“Vá tomar a vacina já”, convocou aos cidadãos maiores de 16 anos, no discurso dos 100 dias de governo
Em discurso ao Congresso dos EUA na noite de quarta-feira (28) para marcar os 100 primeiros dias de governo, o presidente Joe Biden defendeu seu programa de investimentos em infraestrutura “único em uma geração” de US$ 2,3 trilhões, apresentou seu novo “Plano das Famílias” de US$ 1,8 trilhão em oito anos, saudou a campanha de vacinação que já aplicou pelo menos a primeira dose em mais da metade dos adultos do país, fazendo com que as mortes por Covid-19 diminuíssem 80% desde janeiro, se comprometeu na criação de “empregos, empregos e empregos” e pediu “compre [produtos] americanos”.

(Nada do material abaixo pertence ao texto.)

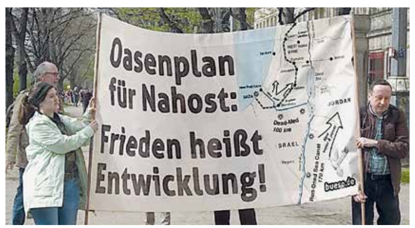
BüSo activists in Berlin with their sign: "Oasis Plan for the Middle East: Peace means development!"

is clearly unhappy with the accompanying destruction of the real economy and the welfare state. Likewise, the horror over Israel's inhumanity in Gaza and the hypocrisy of Western politics—with its empty words "human rights" and "Western values"—is growing rapidly.
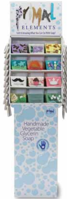
Everyday Shipper 6 Bars of each: Cupcake, Dead Sea Mud, Lavender, Lemongrass & Cranberry Seeds, Lilac, Lily of the Valley, Majesty, Mustache, Sea Turtles, Seashells & Starfish, Sunrise Sunset, Tahitian Vanilla 24 Soap Keepers™ OK-EVERYDAY
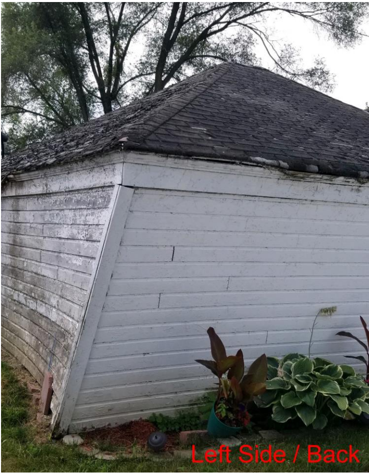
Left Side / Back
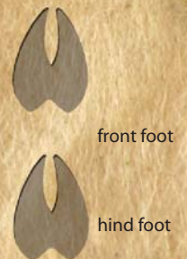
White-Tailed Deer Odocoileus virginianus
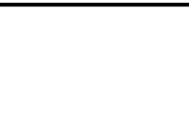
ISLAMABAD: A view of heavy shipping containers removing from D-chowk with the help of heavy machinery, in the Federal Capital.
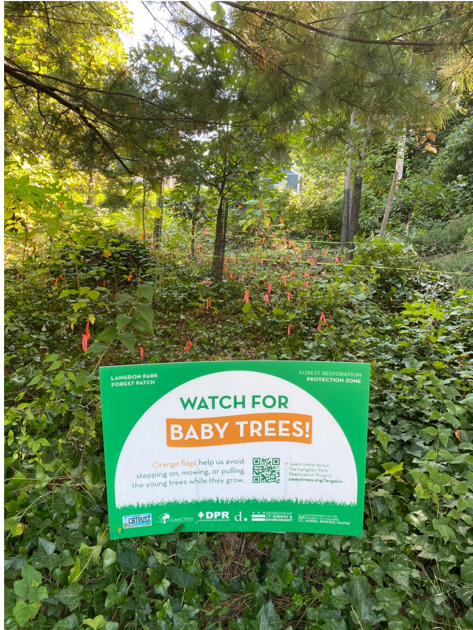
Langdon Park, Washington, D.C. 2023
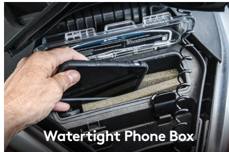
Watertight Phone Box

The Rotax® 1630 ACE - 230 offers instant acceleration by way of a powerful supercharger, while the new Rotax® 1630 ACE™ - 170 is the most powerful naturally aspirated Rotax engine ever on a Sea-Doo.
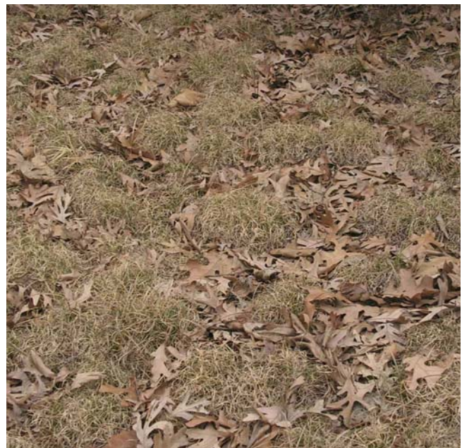
Poverty grass is usually found in full sun to moderate shade environments in upland forests, upland prairies, and glades. It tolerates dry and acidic soil and also grows in rocky soils.

According to Audubon International, tall grasses can provide several benefits including golf course beautification, greater plant and animal diversity, and reduced costs for maintenance by reducing the use of fuel, pesticides, and other chemicals (1). Several of the major challenges with using native grasses, especially native cool-season grasses, include limited amounts of high quality seed and limited knowledge as to identification and propagation techniques for these grass-
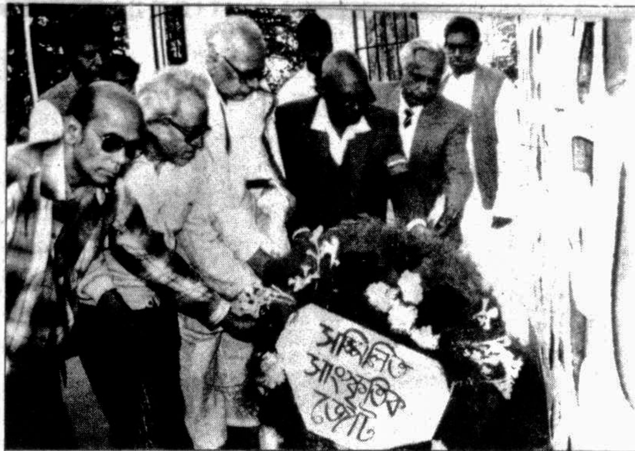
Leaders of the Sammito Sangskriti Jote on Friday laying wreaths at the Central Shaheed Minar to mark the beginning of their 12-day programme on Ekushey.
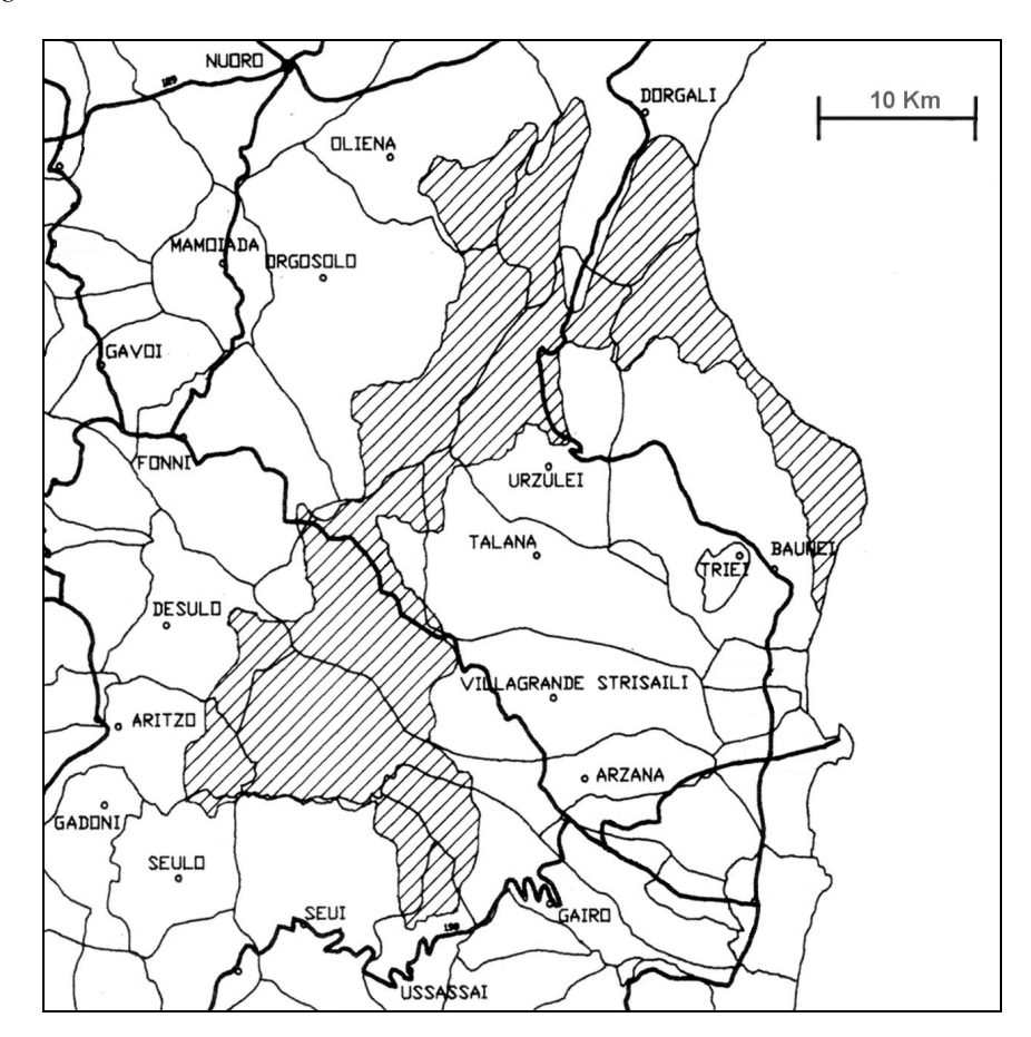
* Protected areas are slashed

In Sardinia, Regional Law No. 7 dated 15.01.2001, makes provisions for training courses for return migrants to facilitate their occupational, social and cultural reintegration (Art. 19). If the returnee intends setting up his/her own business, then he/she enjoys the same rights as residents and the same benefits provided for by the law. In addition, priority processing is given to applicants with returnee status and they are also gi-
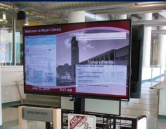
The "Jumbotron" can be found in the front lobby of Meyer Library

Nicknamed the Jumbotron by staff, the large video display at the front entrance of Meyer Library is a collaborative project with the Provost, the Graduate College, and the Libraries. The primary purpose of the display is to inform library patrons of programs and services provided by the partners and to make patrons aware of campus energy usage. Displayed content includes the current day's events in the library, energy dashboard, information on graduate school programs, information on services and programs in the library, content from the library digital collection, news events, social media streams, and, everyone's favorite: the current outdoor temperature.
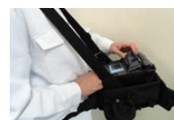
④ -1 Working Belt in Action
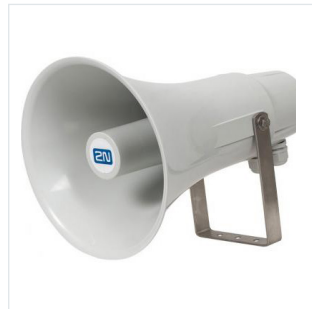
2N - 914422E SIP Speaker, Horn Audio-over-IP Loudspeaker - White
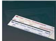
Steam/Ethylene oxide (EO)
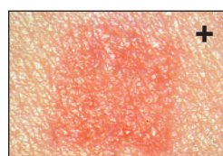
Weak positive Erythema, infiltration, discrete papules
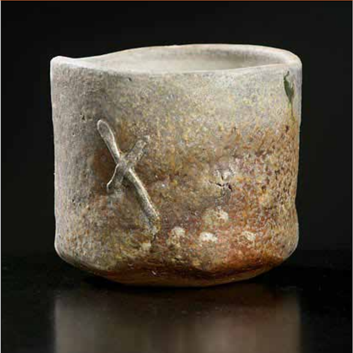
Teabowl 17 h 5 w 5.5" d 5.5" anagama woodfired
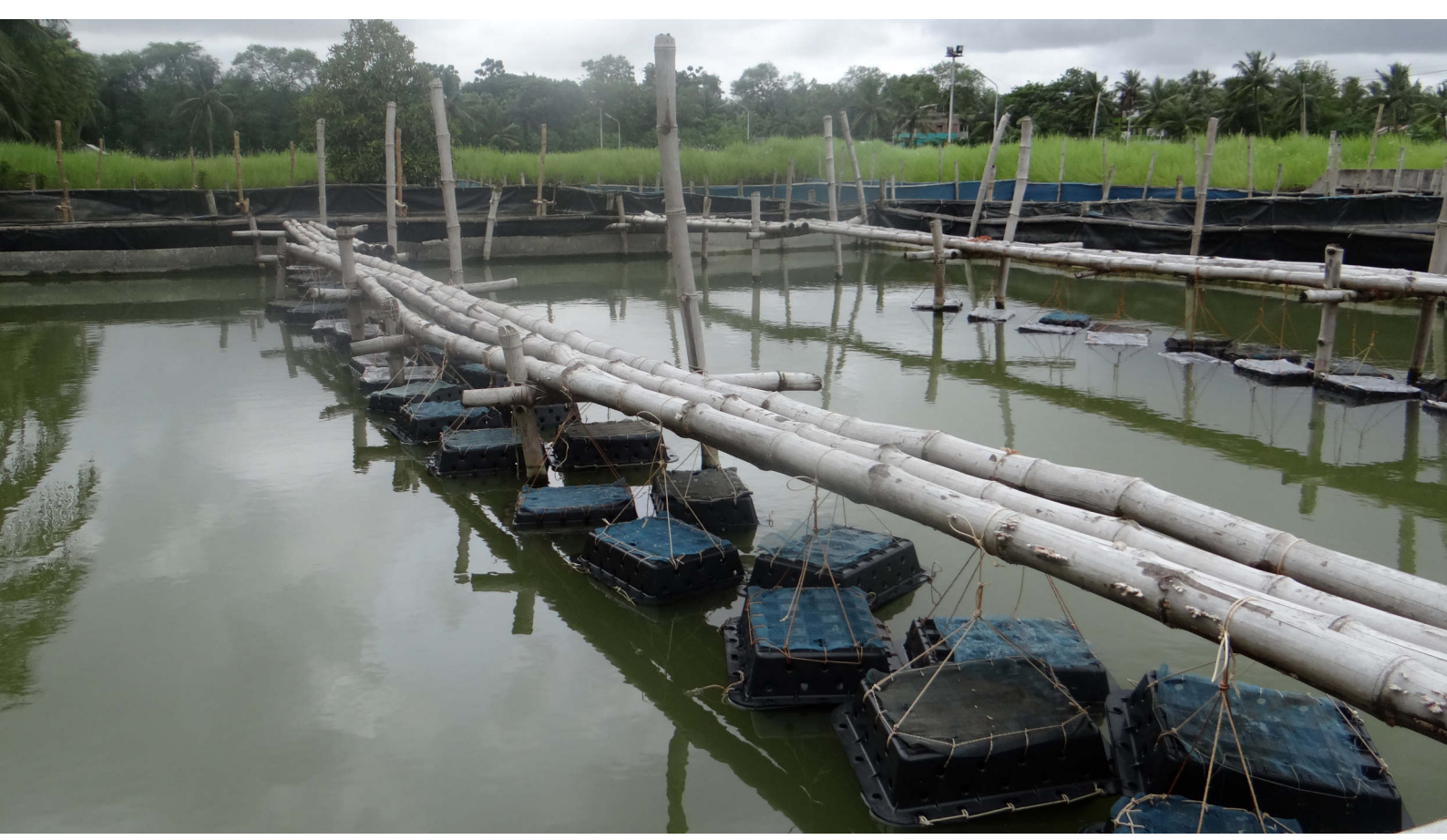
Above, below: Rafts for box culture of mud crab.
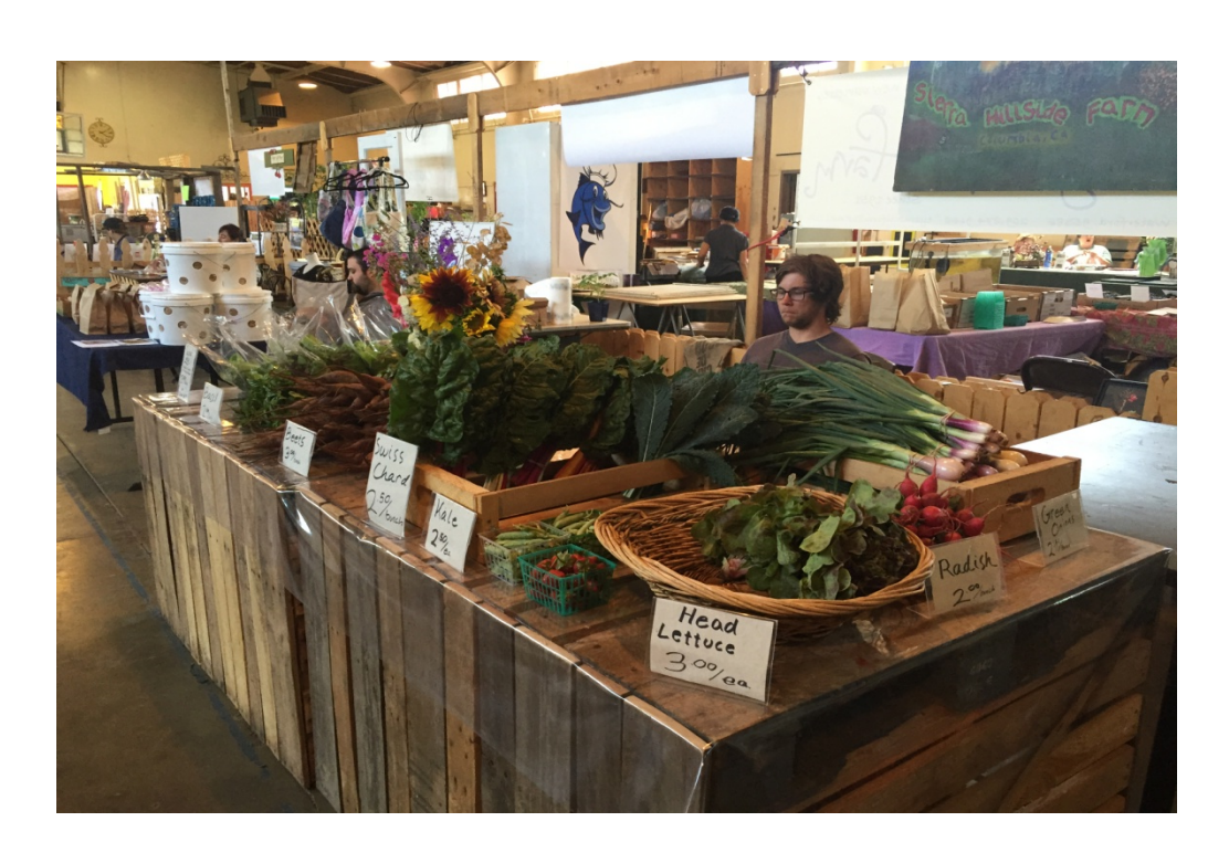
Kale, and other barely edible greens.
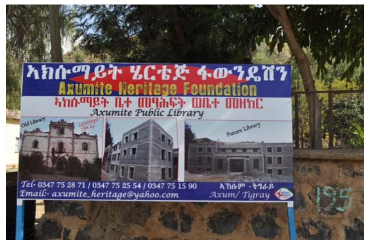
A sign for the library in the city of Axum.
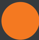
DEEP ORANGE ORS RAL2011
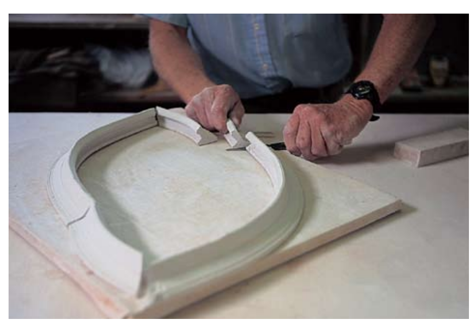
Extruded ridges can be shaped to form the edge of a hump mold. After a bisque firing, they will be glued into position, and the space filled with plaster to complete the mold.
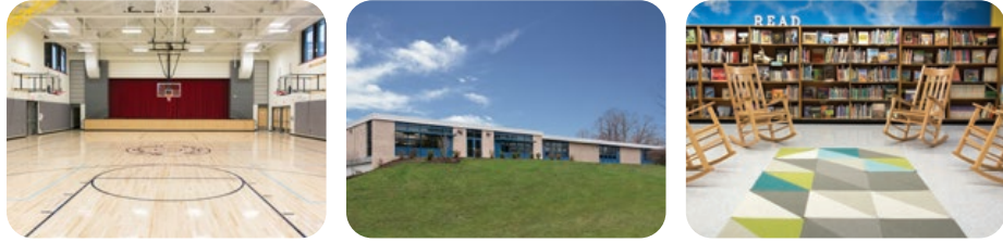
Naramake & Rowayton Elementary Schools Norwalk, CT
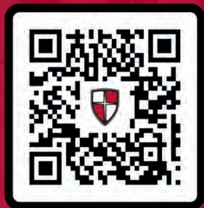
Visit the Office of Admissions

Because a Christian education should not come with hidden costs.
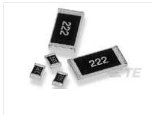
TE Part #1623504-1 CRG1206 1% 3K6
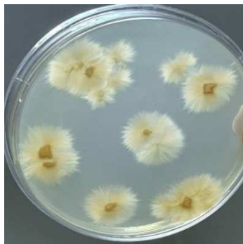
Figure 3. Petri dish culture: star-shaped fluffy appearance with a slightly protruding powdery center.
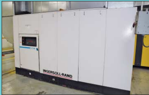
250 HP Ingersoll-Rand Model SSR-EP250 Cabinet Enclosed Rotary Screw Air Compressor
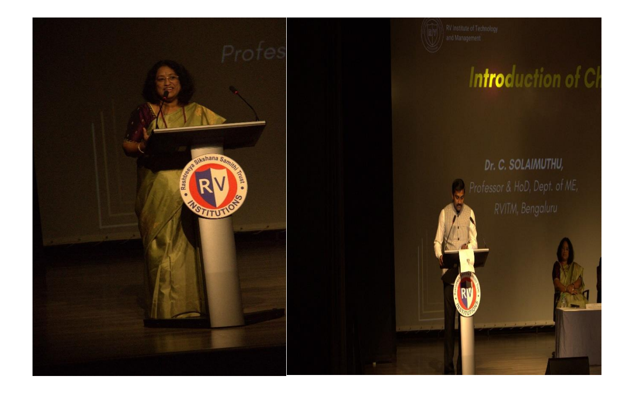
WELCOME ADDRESS BY ISE HOD.
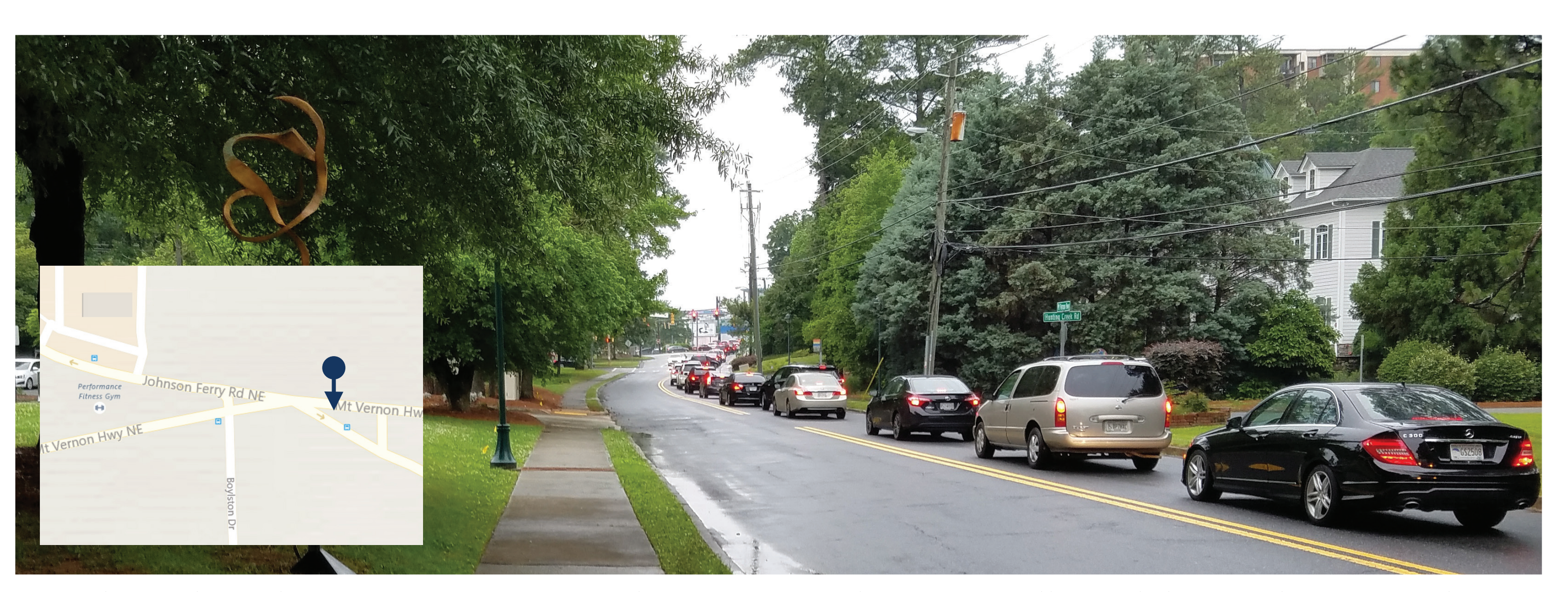
Westbound stacking on Mt Vernon Highway approaching Roswell Road during the PM Peak
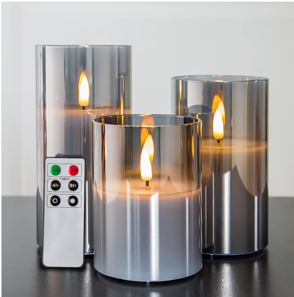
Image 3: The set of three smoke grey flameless candles and their remote control.
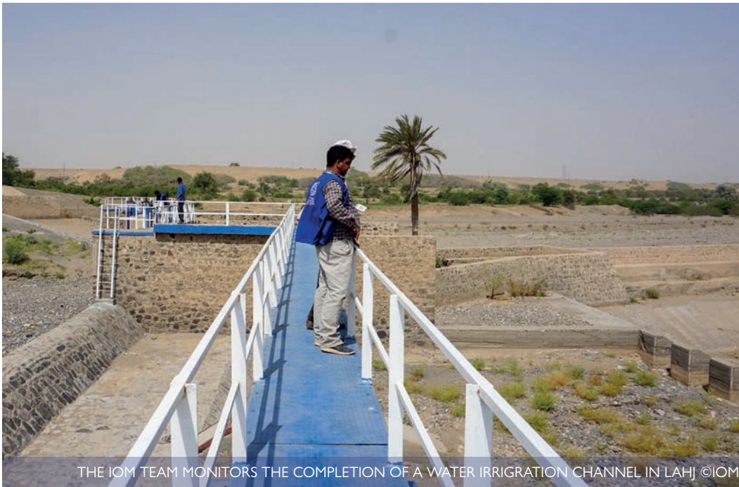
THE IOM TEAM MONITORS THE COMPLETION OF A WATER IRRIGATION CHANNEL IN LAHJ
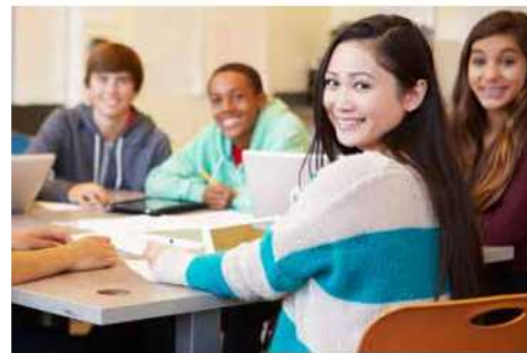
Options at 18
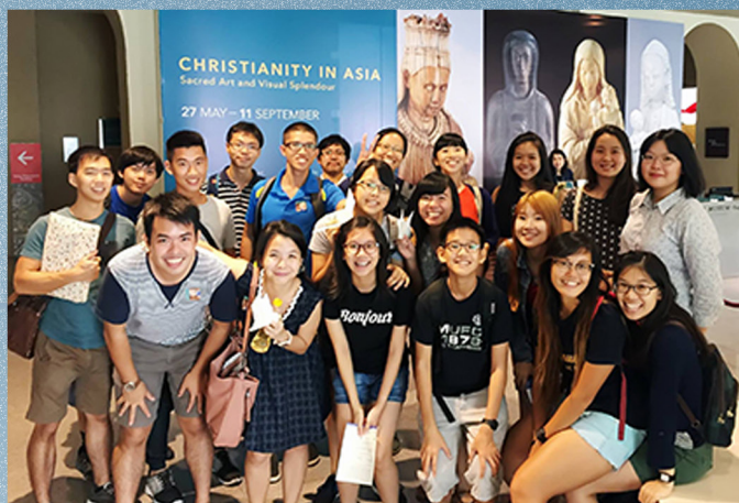
Covenant Keepers outing to the Asian Civilisations Museum for an exhibition on "Christianity in Asia"

Somando os dois programas, são US$ 4 trilhões entre investimentos, geração de empregos, energia renovável e melhoria das condições de vida da população norte-americana. . “Um investimento único na própria América”, enfatizou.
O que vem sendo apontado como a maior revisão dos benefícios sociais dos EUA desde os anos 1960, numa guinada quanto ao que tem prevalecido desde os anos Reagan. Questão registrada pelo New York Times, sob o título “Biden pede uma mudança na forma como os EUA atendem seu povo”.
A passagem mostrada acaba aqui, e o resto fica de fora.